Ok that's all good you had me worried until I read more it would be just as silly for me to put them in the standard pots everyone uses made from pp or hdpe or any for that matter by the looks of it so ime not concerned I always keep an eye on my tads monitoring checking there development and do regular water changes with Ro water through a 4th stage 0ppm and remineralise to get it just right also do water tests regularly to make sure it's all good but I will keep an eye on a bias to females thanks for the articles I will get to reading all 3 

Sent from my Pixel 3 using Tapatalk


----------



## scrumpydc (Mar 9, 2015)

If I do have an issue I will have a lot of glass tanks to make lol

Sent from my Pixel 3 using Tapatalk


----------



## azandis (Sep 13, 2020)

scrumpydc said:


> Ok that's all good you had me worried until I read more it would be just as silly for me to put them in the standard pots everyone uses made from pp or hdpe


Ha!
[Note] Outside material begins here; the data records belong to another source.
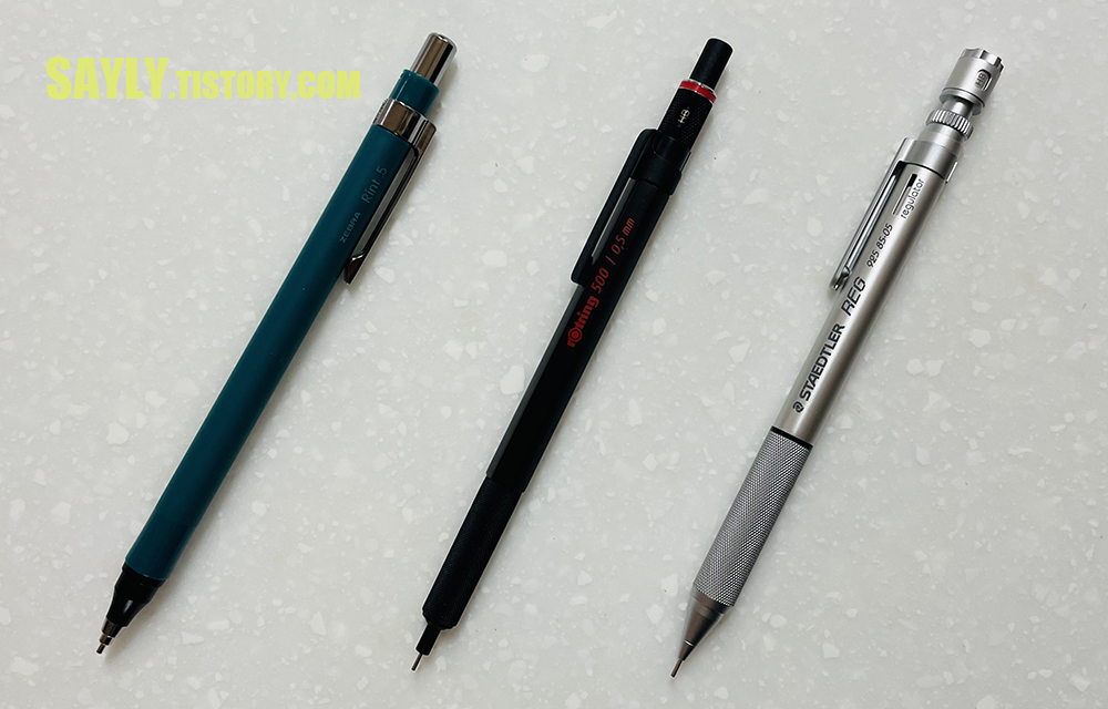 마지막은 브랜드를 먼저 선정하고 고른 건데 스테들러 유명하죠. 그중에 심 조절을 할 수 있는 REG 925 85를 선택했는데 그것보다 그립감과 손이 편합니다. 그립 부분도 로트링 500과 같아서 편하고 무게와 몸통 딱 좋네요. 인생 샤프를 만난 것처럼 항상 사용하고 있던 느낌입니다.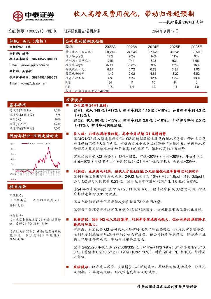 中泰证券:长虹美菱2024H1点评:收入高增及费用优化,带动归母超预期.pdf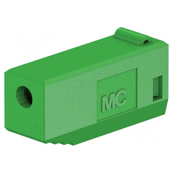 Gniazdo przeznaczone jest do wtyków bananowych o średnicy 2mm. Element charakteryzuje się długością całkowitą wynoszącą 15,5mm. Obudowa złącza wykonana jest w kolorze zielonym. Komponent przeznaczony jest do wykorzystania z wtykami bananowymi.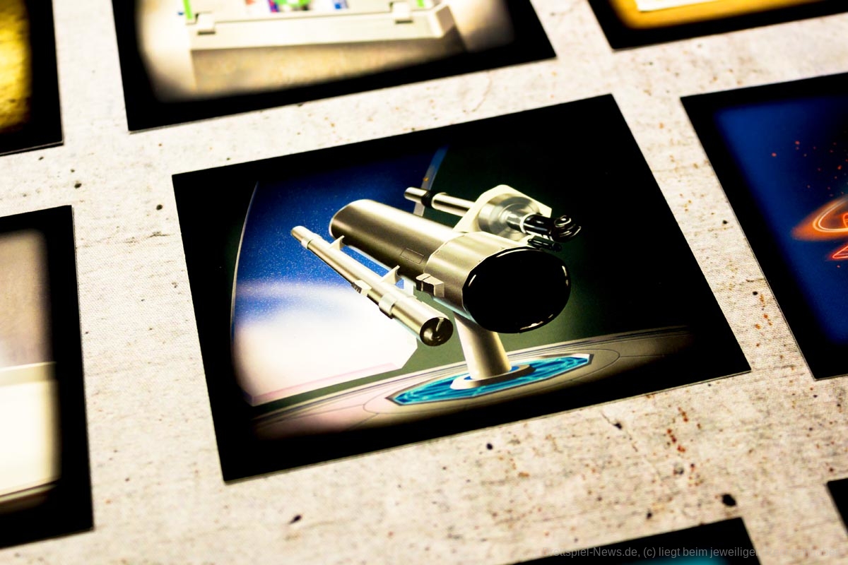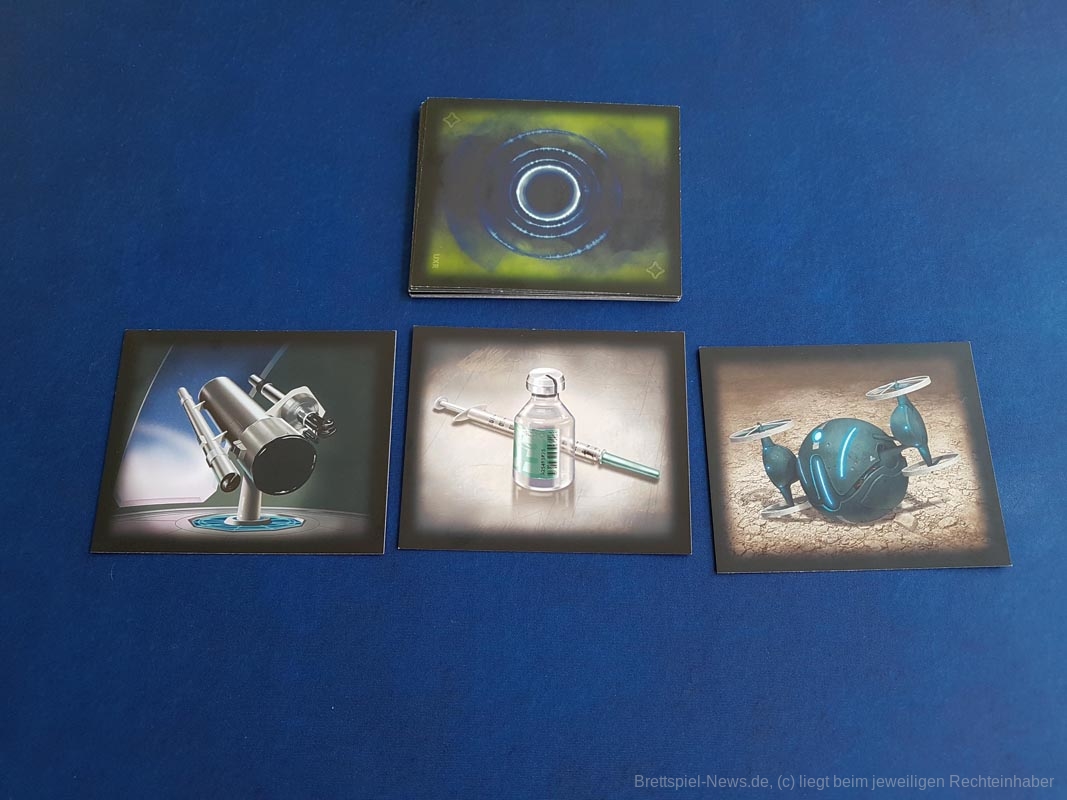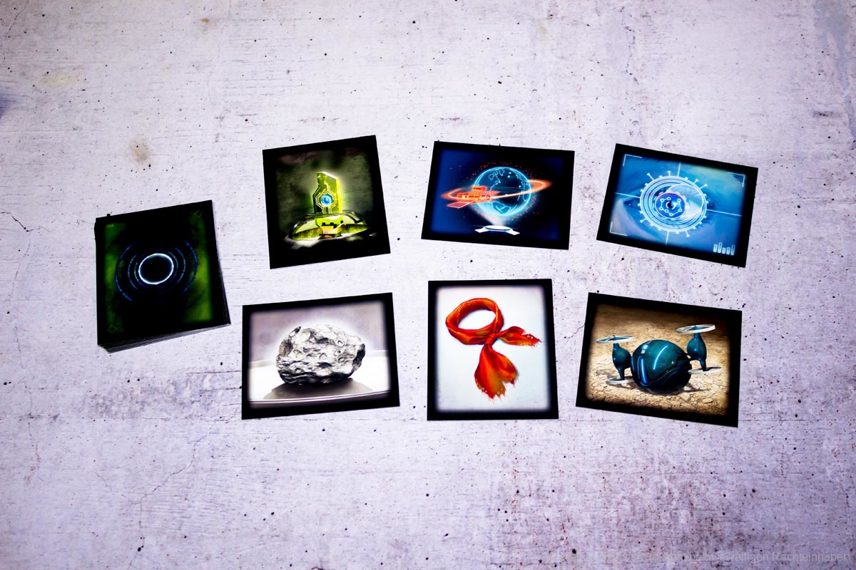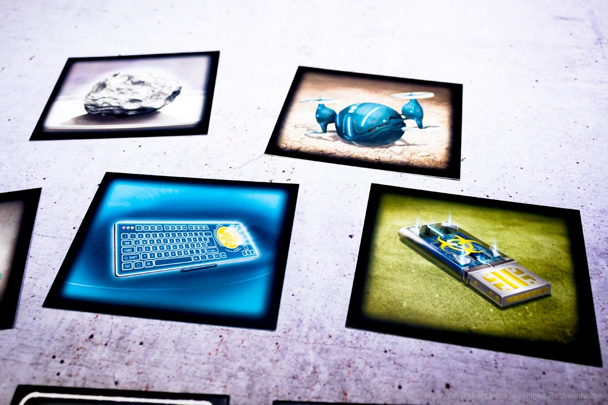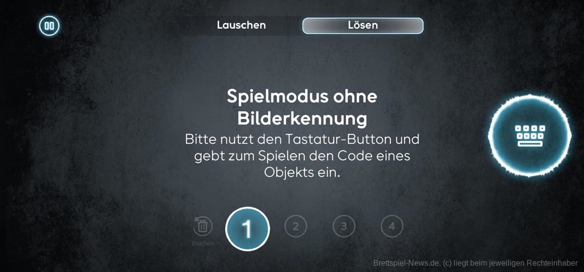 24 illustrierte Karten liefern bruchstückhafte, teils versteckte Hinweise. Hinter jeder Abbildung stecken essenzielle Geräusche oder Teile eines Gesprächs. Mit der kostenlosen „echoes“ App (für iOS und Android) können die Spieler diesen lauschen, sobald sie ihre Handykamera über das Spielmaterial bewegen, und anschließend in die hoffentlich richtige Reihenfolge bringen. „echoes“ ist in sechs Kapitel unterteilt, denen man die jeweils drei richtigen Objektkarten zuordnen muss. Die App liefert bei Bedarf nicht nur Hilfestellung und verrät, ob die Reihenfolge richtig ist, sie schafft auch gleichzeitig die für den jeweiligen Fall passende Atmosphäre.

Yeah, I should have clarified before I alarmed anyone!


----------



## scrumpydc (Mar 9, 2015)

Ha love your pics btw on your research page did you take them with a microscope and do you have a lab? 

Sent from my Pixel 3 using Tapatalk


----------



## Tihsho (Sep 21, 2009)

Great 3d printing project!


----------



## azandis (Sep 13, 2020)

Thanks! And I'm super impressed with your viv engineering projects!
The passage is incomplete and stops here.